Sorting has a natural generalization where the input consists of: (1) a ground set $X$ of size $n$, (2) a partial oracle $O_P$ specifying some fixed partial order $P$ on $X$ and (3) a linear oracle $O_L$ specifying a linear order $L$ that extends $P$. The goal is to recover the linear order $L$ on $X$ using the fewest number of linear oracle queries. In this problem, we measure algorithmic complexity through three metrics: oracle queries to $O_L$, oracle queries to $O_P$, and the time spent. Any algorithm requires worst-case $\log_2 e(P)$ linear oracle queries to recover the linear order on $X$. Kahn and Saks presented the first algorithm that uses $\Theta(\log e(P))$ linear oracle queries (using $O(n^2)$ partial oracle queries and exponential time). The state-of-the-art for the general problem is by Cardinal, Fiorini, Joret, Jungers and Munro who at STOC'10 manage to separate the linear and partial oracle queries into a preprocessing and query phase. They can preprocess $P$ using $O(n^2)$ partial oracle queries and $O(n^{2.5})$ time. Then, given $O_L$, they uncover the linear order on $X$ in $\Theta(\log e(P))$ linear oracle queries and $O(n + \log e(P))$ time -- which is worst-case optimal in the number of linear oracle queries but not in the time spent. For $c \geq 1$, our algorithm can preprocess $O_P$ using $O(n^{1 + \frac{1}{c}})$ queries and time. Given $O_L$, we uncover $L$ using $\Theta(c \log e(P))$ queries and time. We show a matching lower bound, as there exist positive constants $(\alpha, \beta)$ where for any constant $c \geq 1$, any algorithm that uses at most $\alpha \cdot n^{1 + \frac{1}{c}}$ preprocessing must use worst-case at least $\beta \cdot c \log e(P)$ linear oracle queries. Thus, we solve the problem of sorting under partial information through an algorithm that is asymptotically tight across all three metrics.

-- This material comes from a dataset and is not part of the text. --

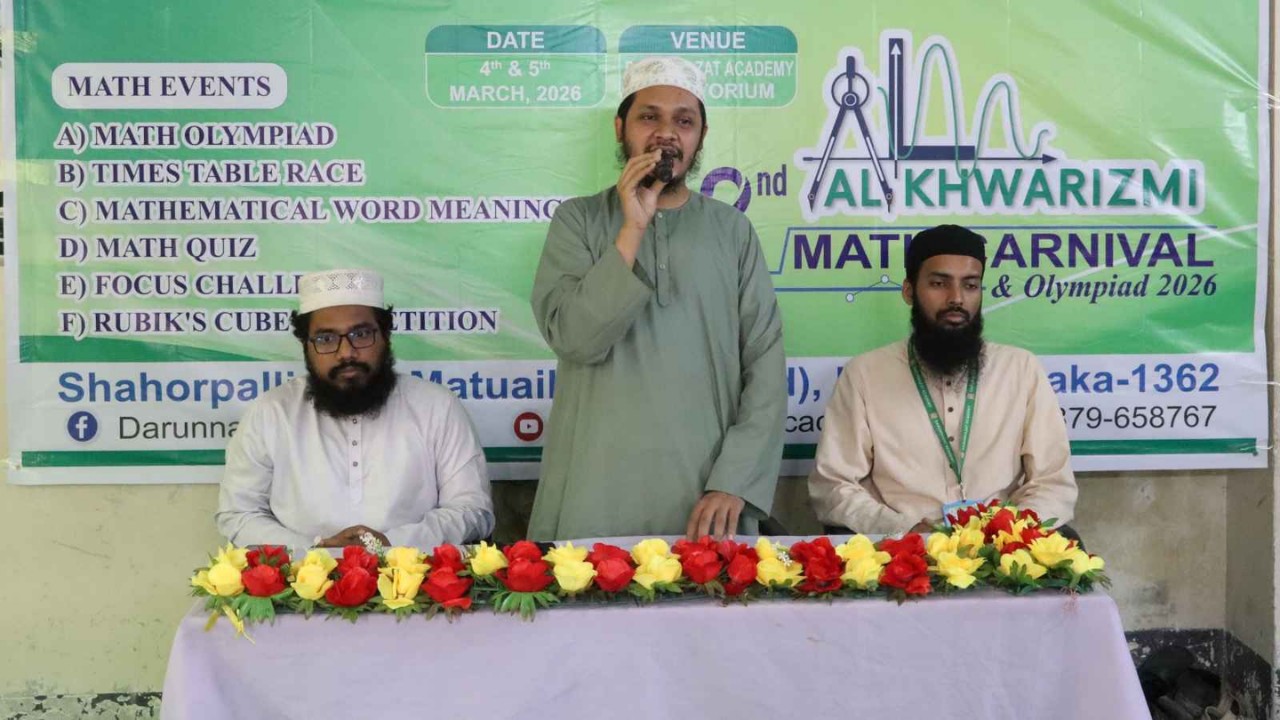 শিক্ষার্থীদের গণিতভীতি দূর করা এবং যুক্তিনির্ভর চিন্তার বিকাশ ঘটানোর লক্ষ্যে রাজধানীর দারুননাজাত একাডেমিতে আয়োজন করা হয় দ্বিতীয় আল খাওয়ারিজমি ম্যাথ কার্নিভাল ও অলিম্পিয়াড ২০২৬। এতে তিন শতাধিক শিক্ষার্থী বিভিন্ন গণিতভিত্তিক ইভেন্ট ও প্রতিযোগিতায় অংশ নেয়।

We consider the problem of sampling from the posterior distribution of a $d$-dimensional coefficient vector $\boldsymbol{\theta}$, given linear observations $\boldsymbol{y} = \boldsymbol{X}\boldsymbol{\theta}+\boldsymbol{\varepsilon}$. In general, such posteriors are multimodal, and therefore challenging to sample from. This observation has prompted the exploration of various heuristics that aim at approximating the posterior distribution. In this paper, we study a different approach based on decomposing the posterior distribution into a log-concave mixture of simple product measures. This decomposition allows us to reduce sampling from a multimodal distribution of interest to sampling from a log-concave one, which is tractable and has been investigated in detail. We prove that, under mild conditions on the prior, for random designs, such measure decomposition is generally feasible when the number of samples per parameter $n/d$ exceeds a constant threshold. We thus obtain a provably efficient (polynomial time) sampling algorithm in a regime where this was previously not known. Numerical simulations confirm that the algorithm is practical, and reveal that it has attractive statistical properties compared to state-of-the-art methods.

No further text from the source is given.